Nycomed Chair for Bioinformatics and Information Mining, University of Konstanz, Konstanz, Germany.
J Chem Inf Model. 2011 Feb 28;51(2):237-47. doi: 10.1021/ci100426r. Epub 2011 Feb 10.
Diversity selection is a common task in early drug discovery. One drawback of current approaches is that usually only the structural diversity is taken into account, therefore, activity information is ignored. In this article, we present a modified version of diversity selection, which we term Maximum-Score Diversity Selection, that additionally takes the estimated or predicted activities of the molecules into account. We show that finding an optimal solution to this problem is computationally very expensive (it is NP-hard), and therefore, heuristic approaches are needed.

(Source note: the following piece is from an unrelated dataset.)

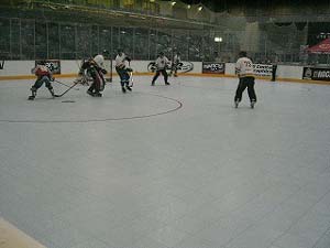 Rebelsというチーム。昨日まで全敗中である。選手もかなりの年配者が混じっている。試合前に「お手柔らかにね」とお互いに言葉を交わすが,本心はなんとか1勝を挙げたいのであろう。案の定,試合は接戦となる。スピードはそんなにないが,こちらのミスをついてカウンターをしかけてくる。しかも外人チームらしく,決定力はある。体力がないぶん,老獪にしかけてくるので油断ならない。そんななか後半開始早々ノブさんがハーフライン付近から放った目の覚めるような渾身のスラップが低い弾道で直接相手ゴーリーを直撃!バコォォーーン!!という音とともに相手ゴーリーはたまらずその場でもんどりうって倒れてしまった。しばし,リンク上を静けさが支配する。タイムがかかり相手チームがゴーリーの回復具合をチェックいる。一方チーム・ミスコンダクトベンチでは,いま観た壮絶な光景に興奮した面々が「すげぇーーー!!」とか「殺人スラップ!!」とかいいながら大いに盛り上がっている。同じゴーリーとしてタケヲくんは「なんて脳天気なベンチなんだ!」と少しあきれていた模様である。そしてまさにこの場で急遽ノブさんはゴーリーハカイダーと改名した。ハカイダースラップの威力が相手を威嚇したのか,後半はかなり優勢に試合を進めるも,なかなか得点をあげることができない。激しいやりとりのなか,Kap○aのスチックが折れ,件の話しどおり容赦なく編集長のスチックが戦線に投入されたことも付け加えておく。相手もかなり疲労しているが,こちらもおじさんなのでだんだんと体力がきつくなる。そんなとき,終盤同点になったところで,こちらがファールを犯しキルプレイに。万事休すかとみんなで固唾をのんで見守る中,編集長のスチックを持ったKap○aが逆にパックを奪い,一目散に相手ゴールめがけてダッシュ!そのまま編集長のスチックを使ってきれいなシュートを決めてリードを奪う!そしてそのまま試合終了。ベンチはもう大騒ぎとなった。特に1名「俺のスチックがぁ!俺のスチックが!」と興奮を隠せない男が1人いたことを報告しておこう。

After a discussion of existing approaches, we present our new method, which is computationally far more efficient but at the same time produces comparable results. We conclude by validating these theoretical differences on several data sets.
多样性选择是早期药物发现中的一项常见任务。当前方法的一个缺点是,通常只考虑结构多样性,因此忽略了活性信息。在本文中,我们提出了一种多样性选择的改进版本,我们称之为最大得分多样性选择,它还考虑了分子的估计或预测活性。我们表明,找到这个问题的最优解在计算上非常昂贵(它是 NP 难的),因此需要启发式方法。在讨论了现有方法之后,我们提出了我们的新方法,它在计算上效率更高,但同时产生的结果相当。最后,我们在几个数据集上验证了这些理论差异。